SEAN HANNITY, HOST: Joining me with reaction to tonight's results, from South Carolina, is presidential candidate, the governor of the great state of Texas, Rick Perry is back with us. Governor, welcome back, sir.

GOV. RICK PERRY, R-TEXAS, PRESIDENTIAL CANDIDATE: Sean, thank you. It's good to be with you.

HANNITY: All right, Governor, I saw your press release, and we just heard from Newt Gingrich and Senator Santorum, and in your press release, you said, "Tonight's results here in New Hampshire show that there is a race for a conservative alternative to Mitt Romney. It remains wide open."

It's interesting that all three of you now are saying the same thing. Is there a chance that you kind of split that conservative vote that you seem to all be appealing for tonight?

PERRY: Well, I think that the campaign that we put together here in South Carolina is really strong. I got the speaker of the House, Bobby Harrell, who's endorsed us, Mick Mulvaney, some real serious conservatives, and that's a message that's going to resonate with the people of South Carolina.

These are folks who get it from the standpoint of we got to have a real conservative, an individual who's got a track record of creating jobs. Mick Mulvaney makes a powerful presentation for us when he talks about he's -- he knows all these candidates.
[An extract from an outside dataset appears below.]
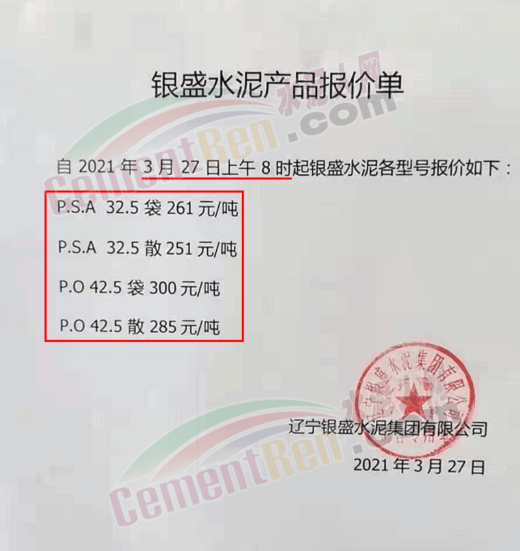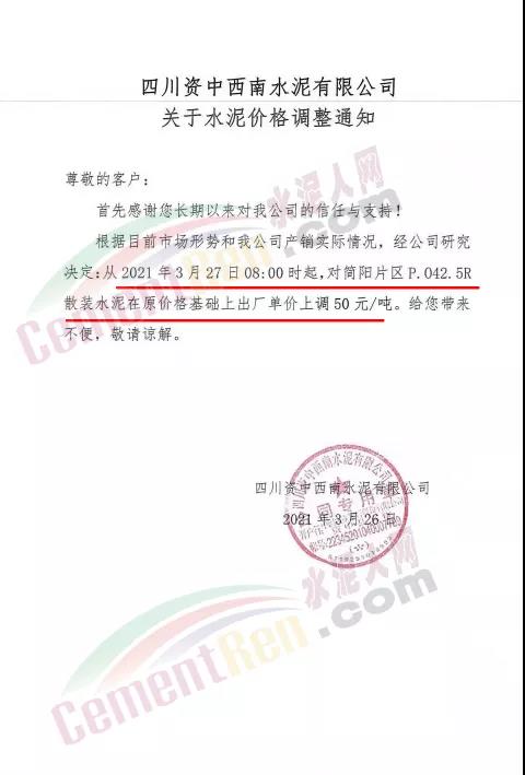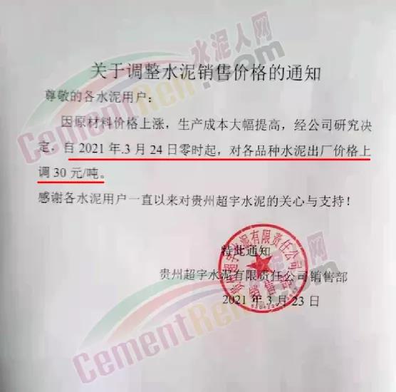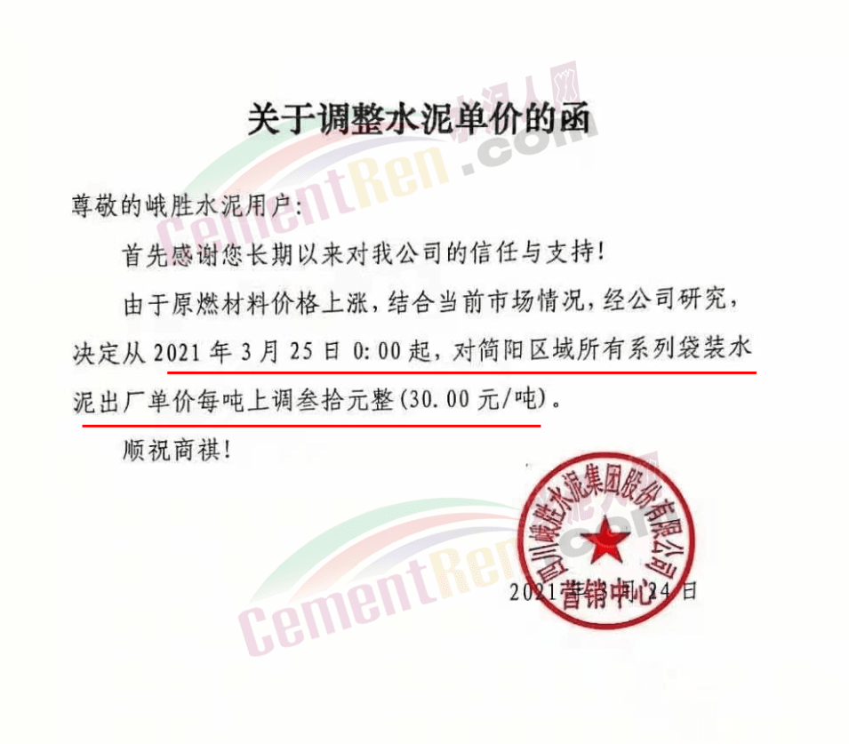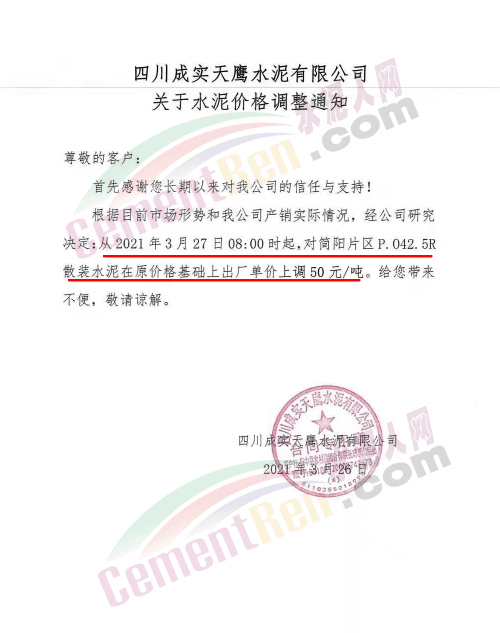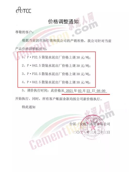 根據(jù)當前市場行情,我公司于2021年3月26日8:00時,對M32.5級袋裝水泥上調(diào)20元/噸,對PO42.5級袋裝水泥價格上調(diào)30元/噸,特此通知!

He's looked at all the candidates, and there's only one that's got the record of job creation.

A lot of people talk about what they're going to do. I've done it in the state of Texas by creating a million jobs. And that is a story that really resonates here in the Palmetto State, particularly when you look at the assault that they're under by this administration, whether it's the Justice Department going after their voter ID law, their immigration law, and then of course, the Boeing story. And Texas being a right to work state and us working every day to push back on this administration -- those are stories that really resonate with the Palmetto state voter.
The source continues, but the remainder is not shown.